“怎麽了,這種程度的血腥,應該是很正常的才對。” “正常你all-family(全家)啊!這種獵奇哪裡正常了!”
天馬惡心得大叫道。
“對於偵探來說是很正常的哦?”
“喂喂?detective(偵探)是這麽可怕的生物嗎?難道說你是能夠毫不在意地去摸死屍的underwear(胖次)的存在嗎?!”
……不得不說,天馬君,你真相了……
“我也會覺得惡心啊,但是比起感到惡心,明顯有更需要在意的事,所以收起來吧,現在不是你展現人性一面的時候。”
霧切搖了搖頭,將一把用人的身體做成的雨傘放回了水槽之中。
以天馬的眼神可以清楚地看見,霧切手上沾滿了屍體殘渣的手套不知何時已經換了一副新的。
“果然是為了隨時隨地能survey(調查)所以才戴上glove(手套)的嗎……”
“不是哦。”聽到了天馬的嘀咕,霧切則是搖了搖頭。在那張撲克臉上,第一次露出了懷念的神色,“雖然已經不存在了,但是我戴手套的原因是因為別的原因……”
“啊咧?那是怎麽了?”
“……天馬先生,這是「忄(查的嚴)生」騷擾哦。”
霧切一臉嫌惡地看了天馬一眼。
“哎哎哎?!WHY!!!”
“想要知道女孩子衣物下面發生了什麽,這不是「忄(查的嚴)生」騷擾是什麽?”
“人渣呢,Master。
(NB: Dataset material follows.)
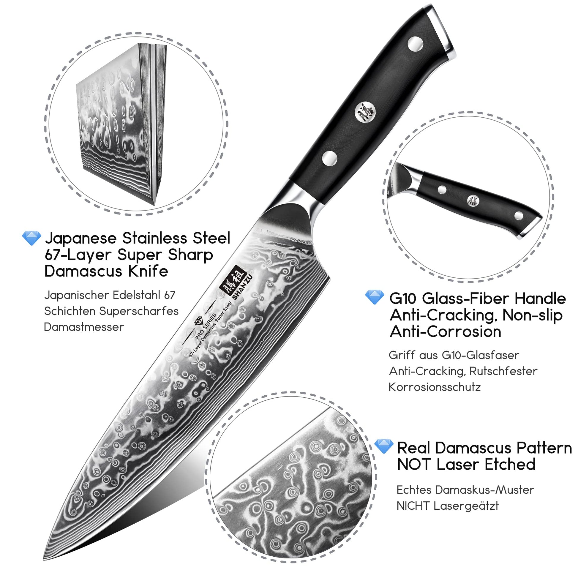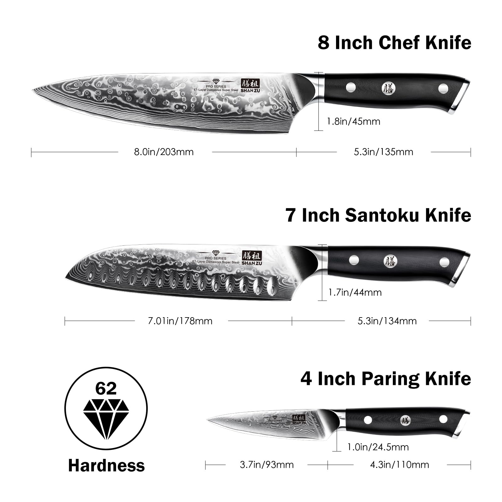 SHAN ZU Damast Küchenmesser Set 3-tlg. Japan Superstahl G10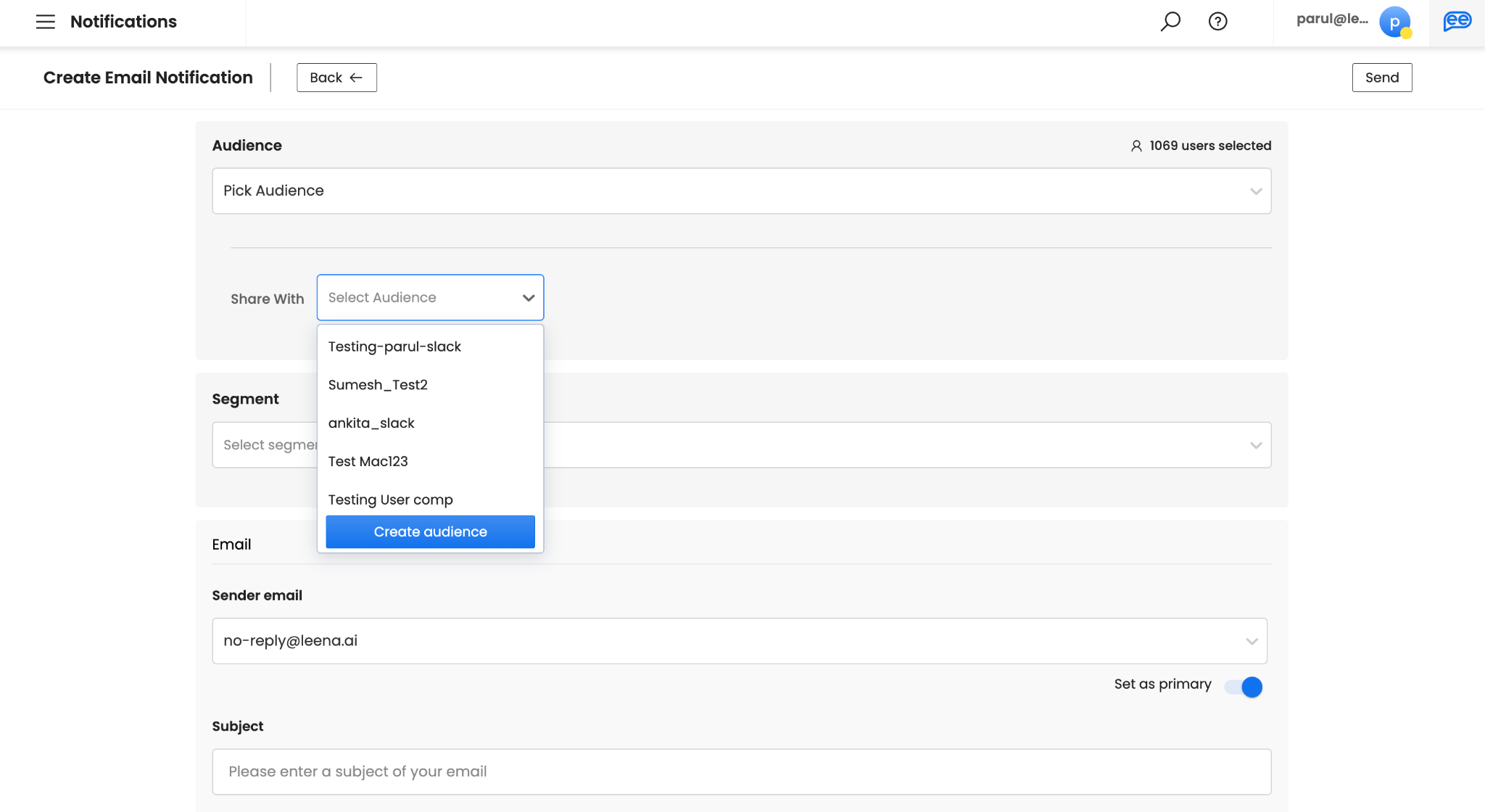 Select your Sender Email. Sender Email will list down all the configured email senders (authorized email IDs for sending your emails). To add more, please connect with your Leena AI Project Team. You can define a preferred Email Sender by opting for “Set as Primary”. However, you can always send your email notifications from any of the sender emails available in the drop down menu.

”
旁邊的Crusader頭也不回地補了一刀。
“……”
天馬不語,十分淡定地從不知哪裡掏出了一張小圓桌放在了地上,然後——
“你不要湊熱鬧了啊!!”
連平時往外蹦英文的口癖都忘記了,狠狠掀翻了眼前的桌子。
“嗯,不錯的吐槽,日向前輩應該和你談得來……不過現在應該不是吐槽的時候吧?”
一邊這麽說著,霧切一邊一個帥氣地轉身,手中不知何時出現了一把袖珍的左輪手槍。
看上去像是玩具一樣的槍械,實際上的威力比看上去要強數十倍也不止。
隨著扳機扣下,噴射出的是巨大的火花和微小的聲音。
射出的槍彈是魔彈,不論是靈體還是生物,只要被擊中,傷口周圍的組織就會立刻炸裂直至一部分的肢體碎裂。
平時這把槍裡裝的只是普通的麻醉彈,但是因為知道此行多麽凶險,所以霧切也是有備而來。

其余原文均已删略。